1899
Formation of the International Council of Nurses
On 1 July 1899, the foundation of the International Council of Nurses was proposed by Ethel Gordon Fenwick (read more) at the Annual Conference of the Matron’s Council of Britain and Ireland. This meeting was to have far reaching consequences for nurses, as ICN would bind them together in professional fellowship in the years ahead by enlarging their vision through congresses and education.
Gordon Fenwick believed that to raise the standard of nursing, it was necessary to raise the standard of education of nurses and provide them with registration as evidence of that training (Bridges, 1967). In 1887, she founded the British Nurses Association (later the Royal British Nurses Association) to campaign for the state registration of nurses. It was during her visit to Johns Hopkins Hospital in Baltimore that she met Lavinia Dock, assistant director of the nursing department, who shared Gordon Fenwick’s passion for the rights of women and nurses.

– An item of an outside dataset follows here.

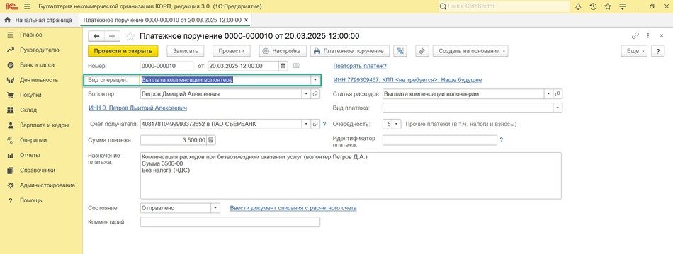 Рис. 7. Платежное поручение на возмещение расходов волонтеру

In June 1899, the Matrons Council of Great Britain and Ireland held its second annual conference at Gordon Fenwick’s London home where she spoke of ‘the international idea’ (Bridges, 1967). Gordon Fenwick argued that nurses throughout the world would benefit from a similar body and proposed ‘That step be taken to organise an International Council of Nurses’ (Bridges, 1967, p.8).
“The nursing profession, above all things at present, requires organisation: nurses, above all other things at present, require to be united. The value of their work to the sick is acknowledged at the present day by the Government of this and all other civilised countries but it depends upon nurses individually and collectively to make their work of the utmost possible usefulness to the sick, and this can only be accomplished if their education is based on such broad lines that the term ‘a trained nurse’ shall be equivalent to that of a person who has received such an efficient training and has proved to be also so trustworthy that the responsible duties which she must undertake may be performed to the utmost benefit of those entrusted to her charge. To secure these results two things are essential: that there should be recognised systems of nursing education and of control over the nursing profession. The experience of the past has proved that these results can never be obtained by any profession unless it is united in its demands for the necessary reform, and by union alone can the necessary strength be obtained. (ICN archives)
In bringing her idea to fruition, Gordon Fenwick remarked that influential members of the nursing profession in other countries must be consulted as to the best constitution for governing an efficient International Council of Nurses.
The first meeting of the International Council of Nurses provisional committee was held at the Matron’s House, St Bartholomew’s Hospital. Between 1899 and 1900, a constitution for ICN was drafted and on 5 July 1900 duly accepted.
Gordon Fenwick E (1901). The International Council of Nurses: A Message from Its President. The American Journal of Nursing, 1(11), 785–790. http://doi.org/10.2307/3402379
Bridges D. M (1967) A History of the ICN 1899-1964 Pitman Medical, London, Ch. 21:pg 180.